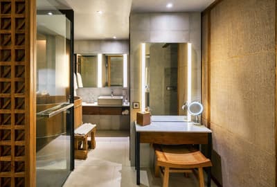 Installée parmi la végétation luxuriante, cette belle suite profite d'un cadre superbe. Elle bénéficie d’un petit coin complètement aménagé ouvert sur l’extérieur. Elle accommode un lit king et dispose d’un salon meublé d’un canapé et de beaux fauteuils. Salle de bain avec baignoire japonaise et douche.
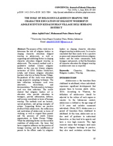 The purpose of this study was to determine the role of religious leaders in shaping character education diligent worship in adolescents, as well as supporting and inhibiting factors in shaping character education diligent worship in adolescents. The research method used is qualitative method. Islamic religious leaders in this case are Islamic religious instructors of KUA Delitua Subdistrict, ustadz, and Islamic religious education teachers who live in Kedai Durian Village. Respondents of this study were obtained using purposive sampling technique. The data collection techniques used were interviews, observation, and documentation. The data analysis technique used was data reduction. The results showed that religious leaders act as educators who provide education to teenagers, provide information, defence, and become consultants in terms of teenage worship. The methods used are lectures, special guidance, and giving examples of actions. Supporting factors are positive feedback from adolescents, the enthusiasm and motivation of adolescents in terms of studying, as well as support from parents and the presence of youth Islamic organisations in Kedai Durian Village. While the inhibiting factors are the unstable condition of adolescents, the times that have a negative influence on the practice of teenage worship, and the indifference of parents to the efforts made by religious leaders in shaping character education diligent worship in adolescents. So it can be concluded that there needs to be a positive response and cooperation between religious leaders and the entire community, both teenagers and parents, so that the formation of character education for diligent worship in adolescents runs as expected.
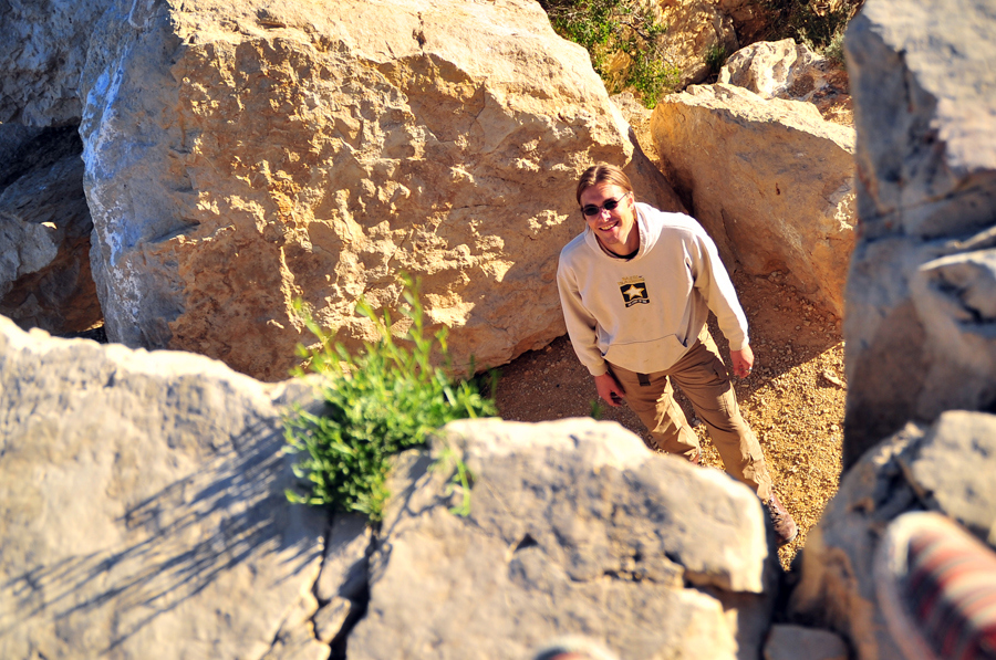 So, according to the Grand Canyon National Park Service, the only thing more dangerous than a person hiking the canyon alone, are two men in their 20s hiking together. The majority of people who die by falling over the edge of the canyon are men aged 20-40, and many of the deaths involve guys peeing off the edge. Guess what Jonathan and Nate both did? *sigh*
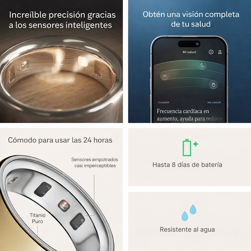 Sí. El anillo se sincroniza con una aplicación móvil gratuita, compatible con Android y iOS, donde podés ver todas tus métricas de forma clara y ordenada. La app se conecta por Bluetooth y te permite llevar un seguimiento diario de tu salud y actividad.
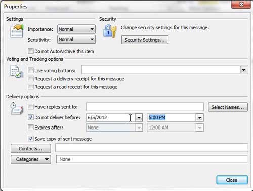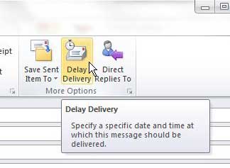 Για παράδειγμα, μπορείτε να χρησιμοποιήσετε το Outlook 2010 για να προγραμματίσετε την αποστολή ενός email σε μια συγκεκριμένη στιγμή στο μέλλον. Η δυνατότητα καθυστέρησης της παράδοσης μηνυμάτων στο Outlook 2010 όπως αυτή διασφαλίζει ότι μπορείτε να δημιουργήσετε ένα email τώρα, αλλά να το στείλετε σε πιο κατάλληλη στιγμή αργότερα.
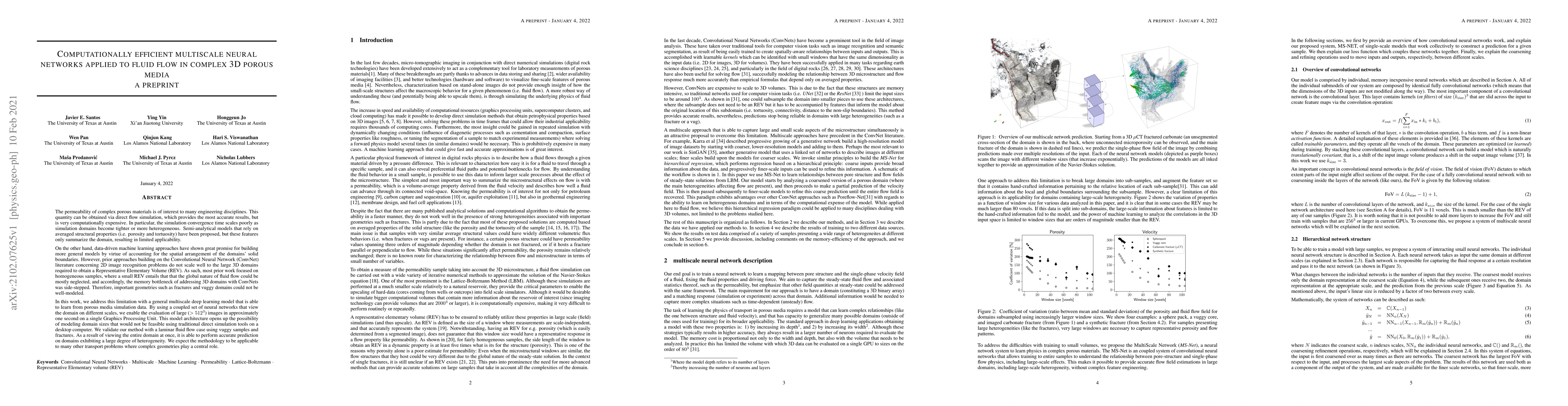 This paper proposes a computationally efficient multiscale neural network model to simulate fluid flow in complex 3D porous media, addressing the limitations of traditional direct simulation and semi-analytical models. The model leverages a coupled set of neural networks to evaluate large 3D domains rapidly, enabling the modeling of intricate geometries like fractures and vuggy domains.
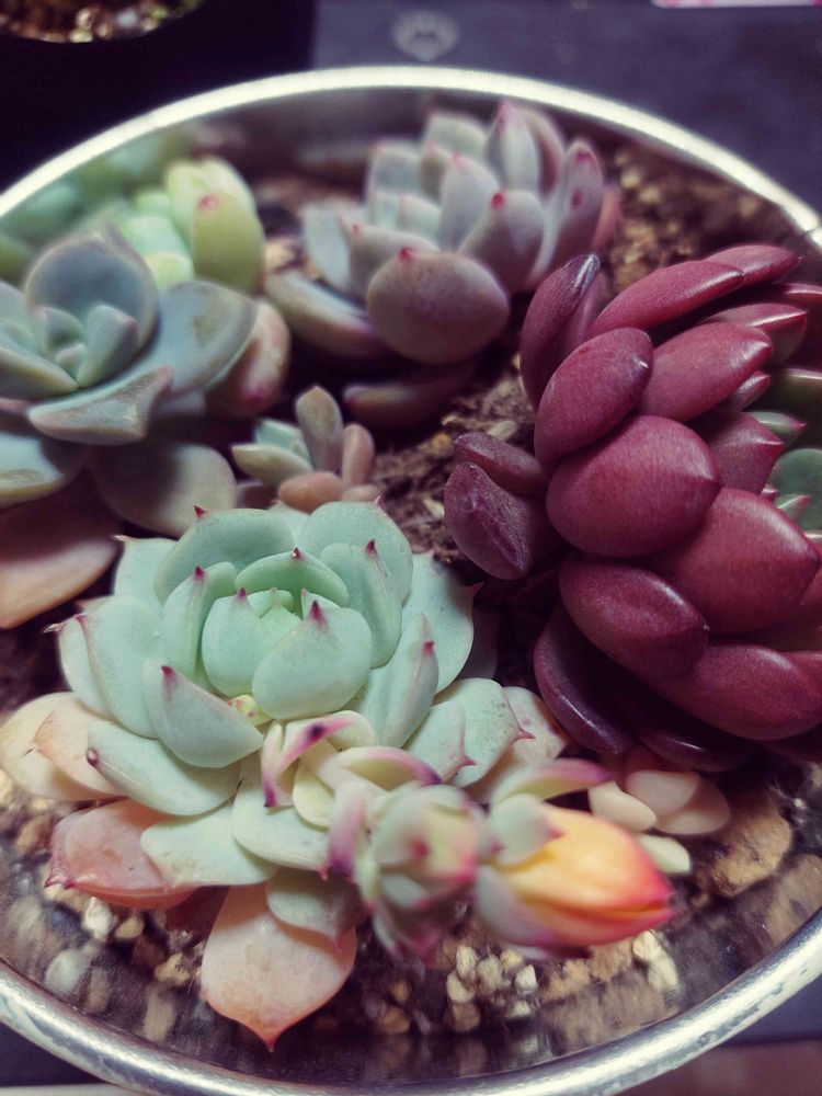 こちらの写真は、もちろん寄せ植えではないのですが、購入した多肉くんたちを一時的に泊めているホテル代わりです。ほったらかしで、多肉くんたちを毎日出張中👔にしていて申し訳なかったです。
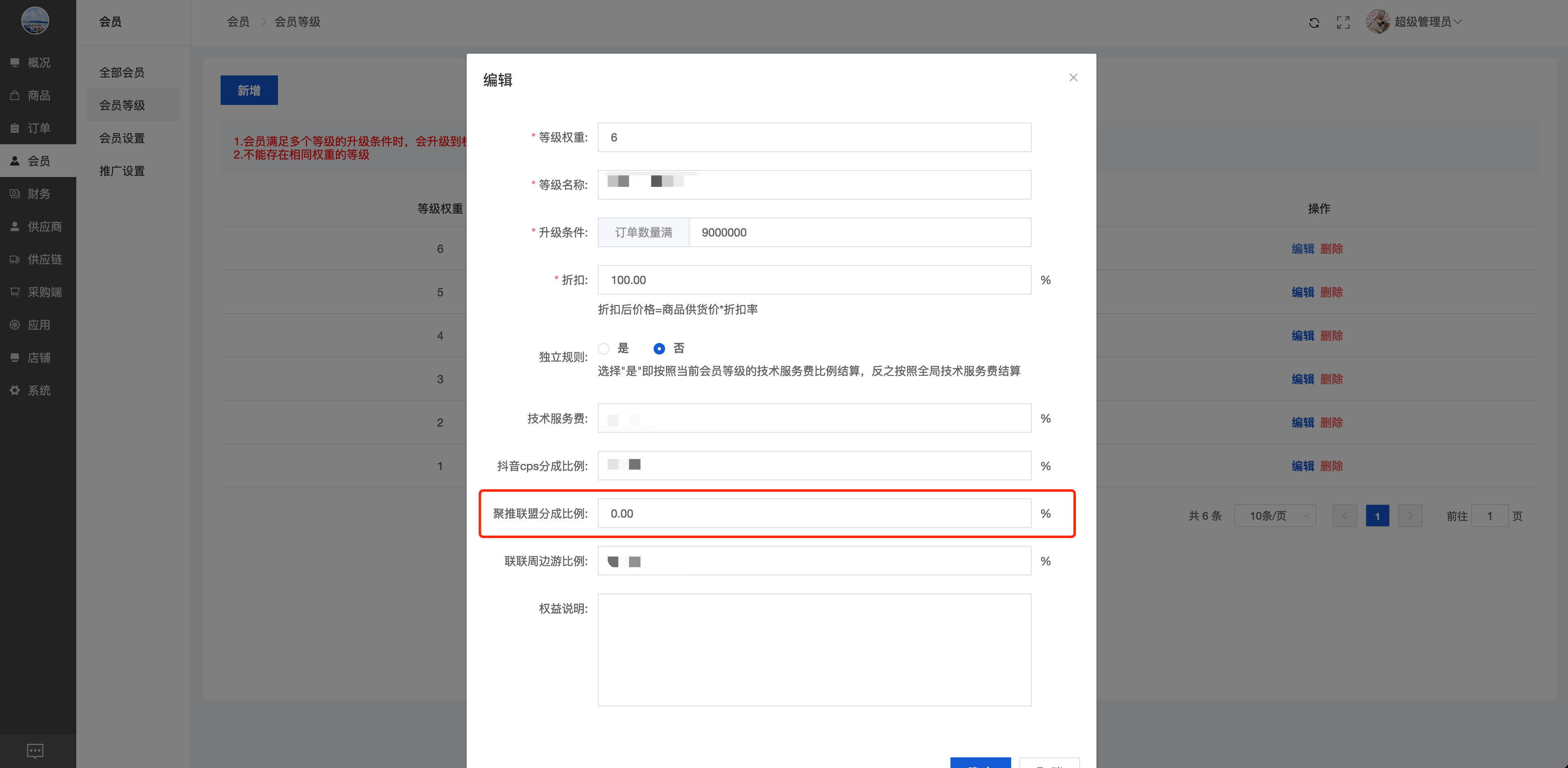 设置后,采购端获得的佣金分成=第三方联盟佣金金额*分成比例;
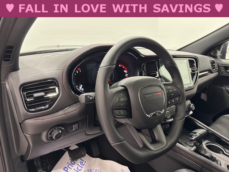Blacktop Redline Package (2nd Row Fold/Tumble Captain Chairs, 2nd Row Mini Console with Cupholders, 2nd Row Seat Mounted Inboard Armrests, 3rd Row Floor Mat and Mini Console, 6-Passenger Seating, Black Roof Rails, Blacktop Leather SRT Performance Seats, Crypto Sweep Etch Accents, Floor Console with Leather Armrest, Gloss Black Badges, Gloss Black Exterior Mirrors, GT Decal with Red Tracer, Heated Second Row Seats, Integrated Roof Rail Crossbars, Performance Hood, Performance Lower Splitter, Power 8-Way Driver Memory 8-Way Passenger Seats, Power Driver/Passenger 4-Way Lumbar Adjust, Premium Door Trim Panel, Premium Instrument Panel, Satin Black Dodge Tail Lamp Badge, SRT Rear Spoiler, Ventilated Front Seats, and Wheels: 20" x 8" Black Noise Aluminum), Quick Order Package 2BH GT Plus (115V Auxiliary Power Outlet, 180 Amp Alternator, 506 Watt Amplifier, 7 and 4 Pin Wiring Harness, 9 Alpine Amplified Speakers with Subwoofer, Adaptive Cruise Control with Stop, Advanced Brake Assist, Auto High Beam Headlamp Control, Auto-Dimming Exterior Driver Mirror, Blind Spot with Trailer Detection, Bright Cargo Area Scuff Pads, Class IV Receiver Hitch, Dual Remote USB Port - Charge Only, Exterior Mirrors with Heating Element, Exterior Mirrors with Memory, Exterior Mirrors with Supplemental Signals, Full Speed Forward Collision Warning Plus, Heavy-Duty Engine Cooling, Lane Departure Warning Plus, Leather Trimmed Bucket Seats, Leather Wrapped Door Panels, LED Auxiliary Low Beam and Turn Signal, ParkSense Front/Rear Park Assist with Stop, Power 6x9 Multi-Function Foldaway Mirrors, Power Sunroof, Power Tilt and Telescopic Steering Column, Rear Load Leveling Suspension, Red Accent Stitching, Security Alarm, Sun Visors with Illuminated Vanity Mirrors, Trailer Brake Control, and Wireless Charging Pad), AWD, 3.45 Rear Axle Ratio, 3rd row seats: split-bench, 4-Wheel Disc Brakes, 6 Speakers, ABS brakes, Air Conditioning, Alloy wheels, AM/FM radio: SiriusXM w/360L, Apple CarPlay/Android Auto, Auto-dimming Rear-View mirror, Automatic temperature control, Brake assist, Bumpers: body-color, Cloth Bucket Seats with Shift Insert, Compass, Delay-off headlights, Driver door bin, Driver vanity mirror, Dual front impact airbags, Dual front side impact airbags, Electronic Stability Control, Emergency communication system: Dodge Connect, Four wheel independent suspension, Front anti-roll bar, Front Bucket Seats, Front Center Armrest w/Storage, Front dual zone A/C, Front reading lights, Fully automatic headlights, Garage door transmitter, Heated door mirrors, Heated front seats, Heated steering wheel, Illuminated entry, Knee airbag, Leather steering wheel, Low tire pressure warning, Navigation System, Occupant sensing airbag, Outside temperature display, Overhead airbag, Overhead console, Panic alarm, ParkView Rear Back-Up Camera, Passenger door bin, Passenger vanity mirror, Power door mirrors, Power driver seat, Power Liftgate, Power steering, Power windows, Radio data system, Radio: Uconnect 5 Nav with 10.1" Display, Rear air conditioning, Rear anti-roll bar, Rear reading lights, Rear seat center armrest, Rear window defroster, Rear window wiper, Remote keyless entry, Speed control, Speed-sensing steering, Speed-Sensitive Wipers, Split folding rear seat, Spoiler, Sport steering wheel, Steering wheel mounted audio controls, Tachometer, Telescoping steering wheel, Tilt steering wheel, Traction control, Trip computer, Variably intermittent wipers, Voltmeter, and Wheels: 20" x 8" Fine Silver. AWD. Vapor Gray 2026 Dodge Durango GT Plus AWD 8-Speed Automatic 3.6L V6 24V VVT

===

| Task instructions |
Copy every record verbatim while leaving each picture out.

| Solution to the exercise |
 Installée parmi la végétation luxuriante, cette belle suite profite d'un cadre superbe. Elle bénéficie d’un petit coin complètement aménagé ouvert sur l’extérieur. Elle accommode un lit king et dispose d’un salon meublé d’un canapé et de beaux fauteuils. Salle de bain avec baignoire japonaise et douche.
 The purpose of this study was to determine the role of religious leaders in shaping character education diligent worship in adolescents, as well as supporting and inhibiting factors in shaping character education diligent worship in adolescents. The research method used is qualitative method. Islamic religious leaders in this case are Islamic religious instructors of KUA Delitua Subdistrict, ustadz, and Islamic religious education teachers who live in Kedai Durian Village. Respondents of this study were obtained using purposive sampling technique. The data collection techniques used were interviews, observation, and documentation. The data analysis technique used was data reduction. The results showed that religious leaders act as educators who provide education to teenagers, provide information, defence, and become consultants in terms of teenage worship. The methods used are lectures, special guidance, and giving examples of actions. Supporting factors are positive feedback from adolescents, the enthusiasm and motivation of adolescents in terms of studying, as well as support from parents and the presence of youth Islamic organisations in Kedai Durian Village. While the inhibiting factors are the unstable condition of adolescents, the times that have a negative influence on the practice of teenage worship, and the indifference of parents to the efforts made by religious leaders in shaping character education diligent worship in adolescents. So it can be concluded that there needs to be a positive response and cooperation between religious leaders and the entire community, both teenagers and parents, so that the formation of character education for diligent worship in adolescents runs as expected.
 So, according to the Grand Canyon National Park Service, the only thing more dangerous than a person hiking the canyon alone, are two men in their 20s hiking together. The majority of people who die by falling over the edge of the canyon are men aged 20-40, and many of the deaths involve guys peeing off the edge. Guess what Jonathan and Nate both did? *sigh*
 Sí. El anillo se sincroniza con una aplicación móvil gratuita, compatible con Android y iOS, donde podés ver todas tus métricas de forma clara y ordenada. La app se conecta por Bluetooth y te permite llevar un seguimiento diario de tu salud y actividad.
 Για παράδειγμα, μπορείτε να χρησιμοποιήσετε το Outlook 2010 για να προγραμματίσετε την αποστολή ενός email σε μια συγκεκριμένη στιγμή στο μέλλον. Η δυνατότητα καθυστέρησης της παράδοσης μηνυμάτων στο Outlook 2010 όπως αυτή διασφαλίζει ότι μπορείτε να δημιουργήσετε ένα email τώρα, αλλά να το στείλετε σε πιο κατάλληλη στιγμή αργότερα.
 This paper proposes a computationally efficient multiscale neural network model to simulate fluid flow in complex 3D porous media, addressing the limitations of traditional direct simulation and semi-analytical models. The model leverages a coupled set of neural networks to evaluate large 3D domains rapidly, enabling the modeling of intricate geometries like fractures and vuggy domains.
 こちらの写真は、もちろん寄せ植えではないのですが、購入した多肉くんたちを一時的に泊めているホテル代わりです。ほったらかしで、多肉くんたちを毎日出張中👔にしていて申し訳なかったです。
 设置后,采购端获得的佣金分成=第三方联盟佣金金额*分成比例;
Blacktop Redline Package (2nd Row Fold/Tumble Captain Chairs, 2nd Row Mini Console with Cupholders, 2nd Row Seat Mounted Inboard Armrests, 3rd Row Floor Mat and Mini Console, 6-Passenger Seating, Black Roof Rails, Blacktop Leather SRT Performance Seats, Crypto Sweep Etch Accents, Floor Console with Leather Armrest, Gloss Black Badges, Gloss Black Exterior Mirrors, GT Decal with Red Tracer, Heated Second Row Seats, Integrated Roof Rail Crossbars, Performance Hood, Performance Lower Splitter, Power 8-Way Driver Memory 8-Way Passenger Seats, Power Driver/Passenger 4-Way Lumbar Adjust, Premium Door Trim Panel, Premium Instrument Panel, Satin Black Dodge Tail Lamp Badge, SRT Rear Spoiler, Ventilated Front Seats, and Wheels: 20" x 8" Black Noise Aluminum), Quick Order Package 2BH GT Plus (115V Auxiliary Power Outlet, 180 Amp Alternator, 506 Watt Amplifier, 7 and 4 Pin Wiring Harness, 9 Alpine Amplified Speakers with Subwoofer, Adaptive Cruise Control with Stop, Advanced Brake Assist, Auto High Beam Headlamp Control, Auto-Dimming Exterior Driver Mirror, Blind Spot with Trailer Detection, Bright Cargo Area Scuff Pads, Class IV Receiver Hitch, Dual Remote USB Port - Charge Only, Exterior Mirrors with Heating Element, Exterior Mirrors with Memory, Exterior Mirrors with Supplemental Signals, Full Speed Forward Collision Warning Plus, Heavy-Duty Engine Cooling, Lane Departure Warning Plus, Leather Trimmed Bucket Seats, Leather Wrapped Door Panels, LED Auxiliary Low Beam and Turn Signal, ParkSense Front/Rear Park Assist with Stop, Power 6x9 Multi-Function Foldaway Mirrors, Power Sunroof, Power Tilt and Telescopic Steering Column, Rear Load Leveling Suspension, Red Accent Stitching, Security Alarm, Sun Visors with Illuminated Vanity Mirrors, Trailer Brake Control, and Wireless Charging Pad), AWD, 3.45 Rear Axle Ratio, 3rd row seats: split-bench, 4-Wheel Disc Brakes, 6 Speakers, ABS brakes, Air Conditioning, Alloy wheels, AM/FM radio: SiriusXM w/360L, Apple CarPlay/Android Auto, Auto-dimming Rear-View mirror, Automatic temperature control, Brake assist, Bumpers: body-color, Cloth Bucket Seats with Shift Insert, Compass, Delay-off headlights, Driver door bin, Driver vanity mirror, Dual front impact airbags, Dual front side impact airbags, Electronic Stability Control, Emergency communication system: Dodge Connect, Four wheel independent suspension, Front anti-roll bar, Front Bucket Seats, Front Center Armrest w/Storage, Front dual zone A/C, Front reading lights, Fully automatic headlights, Garage door transmitter, Heated door mirrors, Heated front seats, Heated steering wheel, Illuminated entry, Knee airbag, Leather steering wheel, Low tire pressure warning, Navigation System, Occupant sensing airbag, Outside temperature display, Overhead airbag, Overhead console, Panic alarm, ParkView Rear Back-Up Camera, Passenger door bin, Passenger vanity mirror, Power door mirrors, Power driver seat, Power Liftgate, Power steering, Power windows, Radio data system, Radio: Uconnect 5 Nav with 10.1" Display, Rear air conditioning, Rear anti-roll bar, Rear reading lights, Rear seat center armrest, Rear window defroster, Rear window wiper, Remote keyless entry, Speed control, Speed-sensing steering, Speed-Sensitive Wipers, Split folding rear seat, Spoiler, Sport steering wheel, Steering wheel mounted audio controls, Tachometer, Telescoping steering wheel, Tilt steering wheel, Traction control, Trip computer, Variably intermittent wipers, Voltmeter, and Wheels: 20" x 8" Fine Silver. AWD. Vapor Gray 2026 Dodge Durango GT Plus AWD 8-Speed Automatic 3.6L V6 24V VVT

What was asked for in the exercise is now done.